How Is a Space Encoded in a URL?

A space in a URL becomes %20 (or + in application/x-www-form-urlencoded). The %20 form (RFC 3986) is the universal standard for URL paths and query strings. The + form is specific to HTML form submissions and query parameters in that encoding.

When to Use %20 vs +

ContextSpace EncodingExample
URL path%20/my%20file.html
Query string (RFC 3986)%20?q=hello%20world
HTML form data+?q=hello+world

Code Examples

JavaScript

encodeURIComponent('hello world');
// "hello%20world"

new URLSearchParams({q: 'hello world'}).toString();
// "q=hello+world"

Python

from urllib.parse import quote, quote_plus

quote('hello world')       # 'hello%20world'
quote_plus('hello world')  # 'hello+world'

Try It Yourself

Use our URL Encode & Decode tool to encode any string for use in URLs.

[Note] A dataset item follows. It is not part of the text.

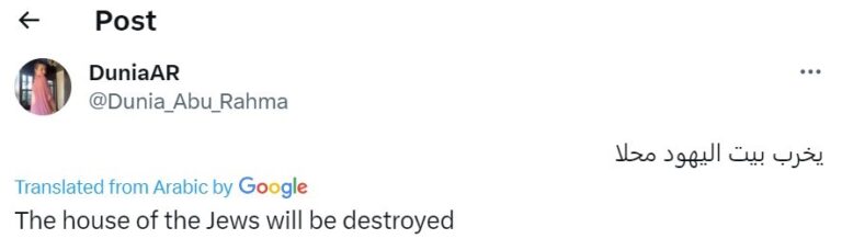 Along with her antisemitic posts, Dunia Abu Rahma has also called for the destruction of Israel.

Frequently Asked Questions

Should I use %20 or + for spaces in URLs?

Use %20 in URL paths. The + encoding is only valid in query strings of form submissions. When in doubt, %20 is always safe.

How do I URL-encode a space in JavaScript?

Use encodeURIComponent(' ') which returns '%20'. For form data, URLSearchParams uses + for spaces.